### [Input data]
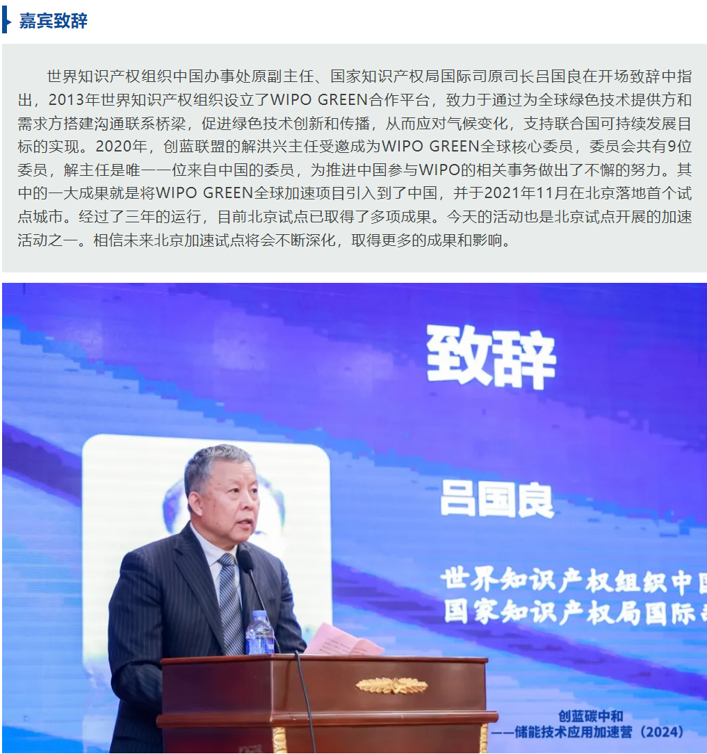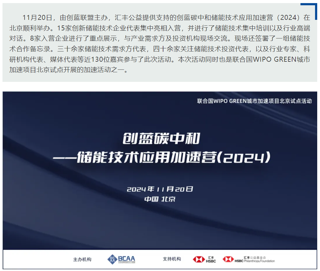 本次活动现场同时也邀请到了来自产业方的伙伴,包括来自中石化、中海油、国电投、国家电网、华能、华润、中节能、中能建、五矿、国新、中冶、光大、京能集团、中关村发展集团等大型央国企代表;来自腾讯、美团、盛虹、协鑫、金风、远景、中电兴发等大型民营企业代表;来自沙特阿美集团、淡马锡集团、福德莱姆集团等国际知名产业方的代表。此外,加速营还邀请到来自红杉中国、中信资本、经纬创投、启明创投、中科创星、华控基金、力合创投、博正资本、北航长鹰创投、新材智资本等四十余位投资机构的代表。本次加速营活动同时也是联合国WIPO GREEN中国城市加速项目北京试点的活动。北京绿金院是本次活动的协办机构,并在汇丰公益的支持下,与创蓝联盟共同开展金融支持储能行业加速发展和应对气候变化项目,负责金融支持储能加速模块。主办方创蓝联盟表示,期待通过本次活动,能够为入营企业,产业方,投资方的伙伴们搭建一个良好的交流平台,促进入营企业在创新绿色科技储能领域更好的发展。
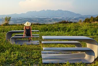 De diseño robusto y agradable, GRASSHOPPER habla de libertad de movimiento y ligereza de materiales. Instalado de forma aislada alcanza con su forma deliberadamente incompleta un amplio espacio. En un extremo se cierra con suavidad para convertirse en un lugar cálido en el cual conversar. En el otro, sus formas se abren y nos invitan a pensar y sentir el paisaje que nos rodea. La agregación de dos mesas cierra un volumen rotundo y aéreo a la vez.
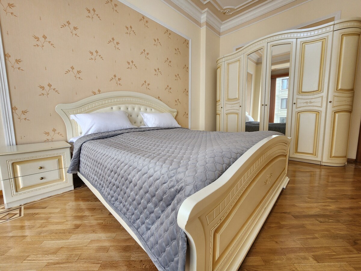 To 240 kvadratnih metrov veliko stanovanje ponuja razkošno bivanje v osrčju mesta. S tremi spalnicami in eno dnevno sobo je kot nalašč za družine ali tiste, ki uživajo v zabavi. Nahaja se na odlični osrednji lokaciji, le nekaj korakov stran od nakupovalnega središča Port Baku Mall, nakupovalnega središča Crescent Mall, hotela Absheron Marriott, restavracij in trgovin.
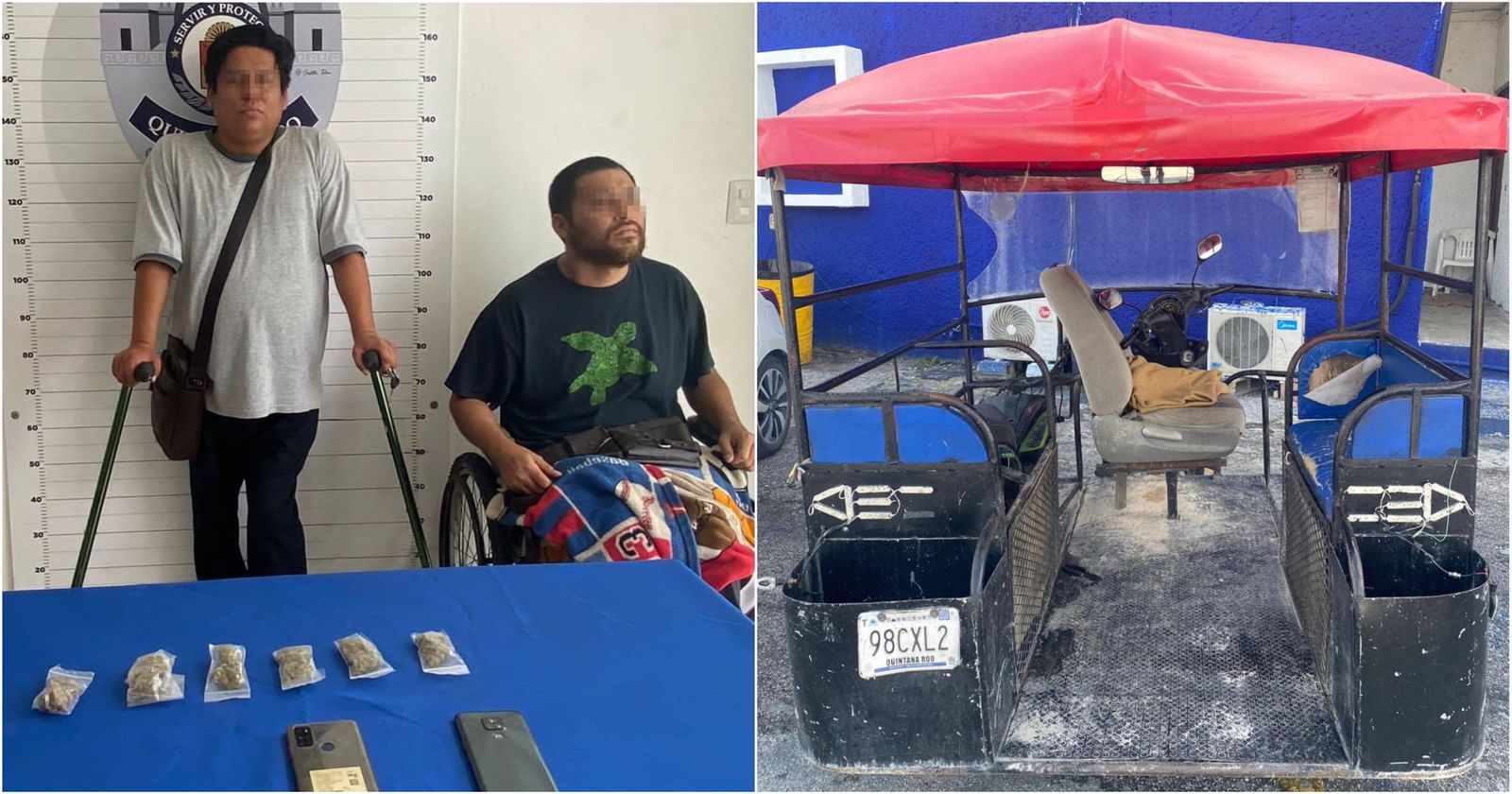 Sorprenden a dos personas con discapacidad vendiendo droga en Cancún.

### [Brief]
The lines from the one containing "De diseño robusto" to the final line of the material, both ends included, should be retyped exactly and alone, with no pictures.

### [Task response]
 De diseño robusto y agradable, GRASSHOPPER habla de libertad de movimiento y ligereza de materiales. Instalado de forma aislada alcanza con su forma deliberadamente incompleta un amplio espacio. En un extremo se cierra con suavidad para convertirse en un lugar cálido en el cual conversar. En el otro, sus formas se abren y nos invitan a pensar y sentir el paisaje que nos rodea. La agregación de dos mesas cierra un volumen rotundo y aéreo a la vez.
 To 240 kvadratnih metrov veliko stanovanje ponuja razkošno bivanje v osrčju mesta. S tremi spalnicami in eno dnevno sobo je kot nalašč za družine ali tiste, ki uživajo v zabavi. Nahaja se na odlični osrednji lokaciji, le nekaj korakov stran od nakupovalnega središča Port Baku Mall, nakupovalnega središča Crescent Mall, hotela Absheron Marriott, restavracij in trgovin.
 Sorprenden a dos personas con discapacidad vendiendo droga en Cancún.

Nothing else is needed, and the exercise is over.